Namun keinginannya harus ia pendam. 

Ibunya adalah seorang perempuan renta yang sakit-sakitan. 
Uwais menjadi satu-satunya sandaran hidupnya. 

Ia memilih tinggal, merawat, dan mengabdi, meski itu berarti mengorbankan impian terbesar seorang mukmin: bertemu Rasulullah Saw.

Pilihan Uwais bukan pilihan biasa.
Ia tahu, ridha Allah terletak pada ridha ibu.
Ia paham, bakti kepada orang tua—terutama ibu—adalah jalan terdekat menuju surga.

Allah Saw berfirman:
“Dan Tuhanmu telah memerintahkan agar kamu jangan menyembah selain Dia dan hendaklah kamu berbuat baik kepada ibu bapak.”
(QS. Al-Isra’: 23).

Uwais menjalankan ayat itu bukan sekadar dengan kata-kata, melainkan dengan seluruh hidupnya.

Dikenal Rasulullah, Meski Tak Pernah Bertemu
Keistimewaan Uwais Al-Qarni diungkap langsung oleh Rasulullah Saw dalam hadist shahih riwayat Muslim. 

Rasulullah Saw bersabda kepada Umar bin Khattab dan Ali bin Abi Thalib:
“Akan datang kepada kalian Uwais bin ‘Amir dari Yaman… dia berbakti kepada ibunya. 

Jika ia bersumpah atas nama Allah, niscaya Allah akan mengabulkannya.”
(HR. Muslim)

Bayangkan, seorang yang tidak pernah bertemu Nabi, tetapi justru diperkenalkan Nabi kepada para sahabatnya. 

Bukan karena ilmu yang masyhur, bukan karena kedudukan sosial, tetapi karena baktinya kepada ibu.

Inilah standar kemuliaan dalam Islam: bukan siapa kita di mata manusia, tapi siapa kita di hadapan Allah.

Bakti yang Mengangkat Derajat
Dalam riwayat lain, disebutkan bahwa Uwais memiliki penyakit belang di tubuhnya. 

Ia berdoa, dan Allah menyembuhkannya kecuali satu bagian kecil, agar ia tetap rendah hati dan ingat kepada Allah.

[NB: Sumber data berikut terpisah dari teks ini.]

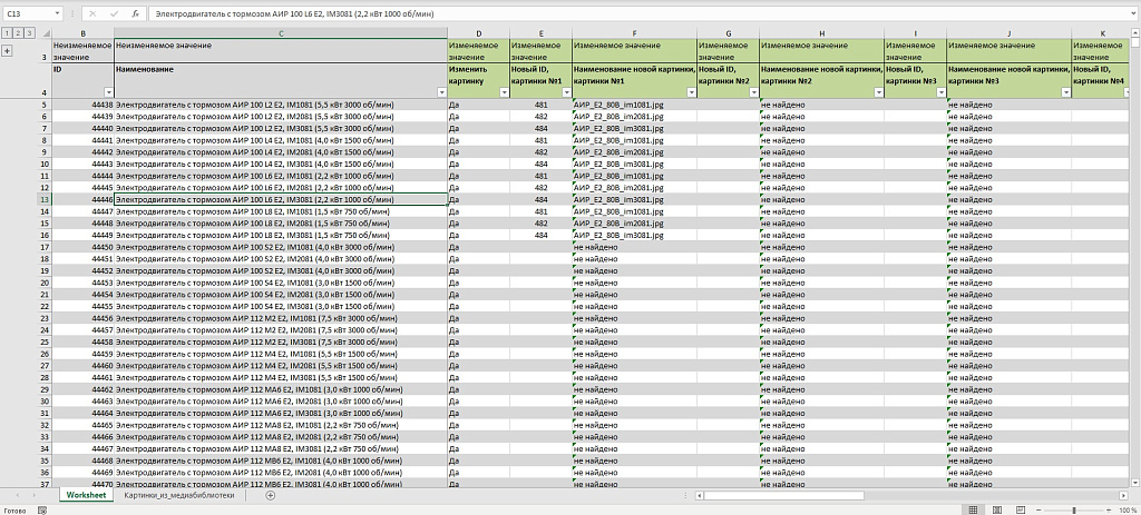 4. В Шаблоне excel на листе «Worksheet», напротив нужного нам товара, указываем ID картинки в столбце «ID новой картинки».

Doanya mustajab. 

Namun keistimewaan terbesar Uwais bukan pada doanya, melainkan ketaatannya kepada ibu.
Rasulullah Saw bersabda:
“Ridha Allah tergantung pada ridha orang tua, dan murka Allah tergantung pada murka orang tua.”
(HR. Tirmidzi)

Uwais memahami hadist ini dengan sepenuh jiwa. 

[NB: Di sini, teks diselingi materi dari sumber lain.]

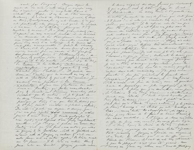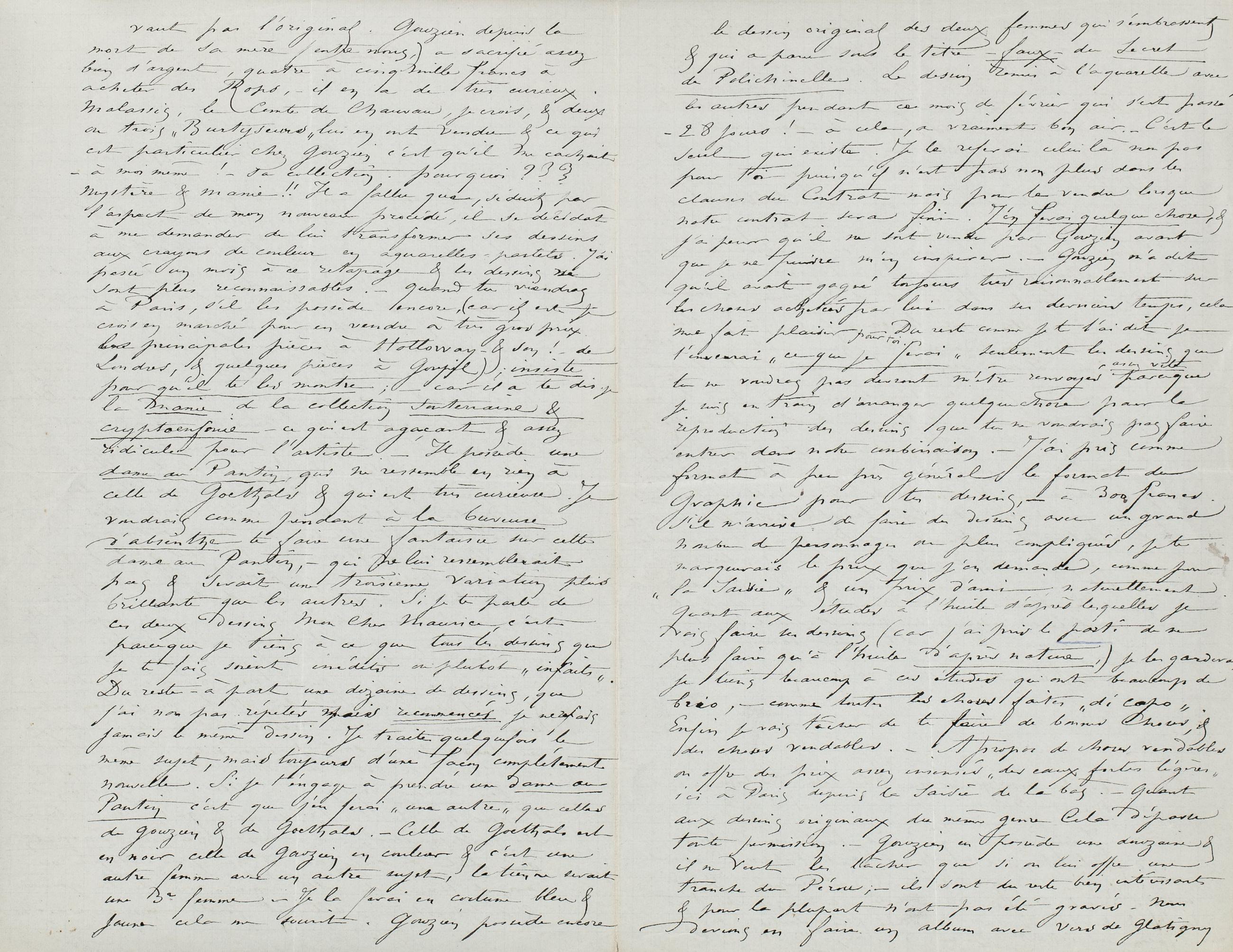vaut pas l’original. Gouzien depuis la mort de sa mère (entre nous,) a sacrifié assez bien d’argent, quatre à cinq mille francs à acheter des Rops, – il en a de très curieux. Malassis, le Comte de Chauvau, je crois, & deux ou trois « Burtyseurs » lui en ont vendu & ce qui est particulier chez Gouzien c’est qu’il me cachait – à moi-même ! – Sa collection. pourquoi ??? mystère & manie !! Il a fallu que, séduit par l’aspect de mon nouveau procédé, il se décidât à me demander de lui transformer ses dessins aux crayons de couleur en aquarelles-pastels. J’ai passé un mois à ce retapage & les dessins ne sont plus reconnaissables. – Quand tu viendras à Paris, s’il les possède encore, (car il est je crois en marché pour en vendre à très gros prix les principales pièces à Hollaway – & son ! – de Londres, & quelques pièces à Goupil) ; insiste pour qu’il te les montre ; – car il a te dis je la manie de la collection souterraine & cryptoenfouie – ce qui est agaçant & assez ridicule pour l’artiste. – Il possède une dame au Pantin, qui ne ressemble en rien à celle de Goethals & qui est très curieuse. Je voudrais comme pendant à la buveuse d’absinthe te faire une fantaisie sur cette dame au Pantin, – qui ne lui ressemblerait pas & serait une troisième variation plus brillante que les autres. Si je te parle de ces deux dessins Mon Cher Maurice, c’est parceque je tiens à ce que tous les dessins que je te fais soient inédits ou plutôt « infaits ». Du reste – à part une dizaine de dessins, que j’ai non pas répetés mais recommencés je ne refais jamais le même dessin. Je traite quelquefois le même sujet, mais toujours d’une façon complétement nouvelle. Si je t’engage à prendre une dame au Pantin c’est que j’en ferai « une autre » que celles de Gouzien & de Goethals. – Celle de Goethals est en noir celle de Gouzien en couleur & c’est une autre femme avec un autre sujet, la tienne serait une 3e femme – Je la ferai en costume bleu & jaune cela me sourit. Gouzien possède encore

Ia menggendong ibunya, melayaninya, dan mendahulukan kebutuhannya di atas segalanya. 

Bahkan ketika kesempatan bertemu Rasulullah Saw, ia tetap memilih tinggal bersama ibunya.

Tak Terkenal di Bumi, Tapi Harum di Langit
Uwais tidak meninggalkan karya tulis. Tidak pula memimpin pasukan. 

Namun namanya harum di langit karena satu hal: bakti yang ikhlas.

Di tengah zaman yang sering mengukur kesuksesan dari popularitas dan pencapaian duniawi, kisah Uwais Al-Qarni hadir sebagai koreksi besar. 

Islam mengajarkan bahwa kemuliaan bisa lahir dari rumah kecil, dari seorang anak yang setia menemani ibunya, dari pengorbanan yang tak dilihat kamera.

Allah Swt mengingatkan:
“Bersyukurlah kepada-Ku dan kepada kedua orang tuamu.”
(QS. Luqman: 14)

Syukur kepada Allah tak pernah terpisah dari bakti kepada ibu.
Hikmah untuk Zaman Sekarang
Kisah Uwais Al-Qarni bukan sekadar cerita masa lalu. 
Ia adalah cermin bagi kita hari ini. 

Di tengah kesibukan, gawai, dan ambisi pribadi, masihkah ibu menjadi prioritas? Masihkah doa ibu kita jaga?

Kemuliaan sejati tidak selalu datang dari panggung besar. Kadang ia lahir dari kesetiaan merawat ibu, dari kesabaran mendengar keluhnya, dari tangan yang menggenggamnya di usia senja.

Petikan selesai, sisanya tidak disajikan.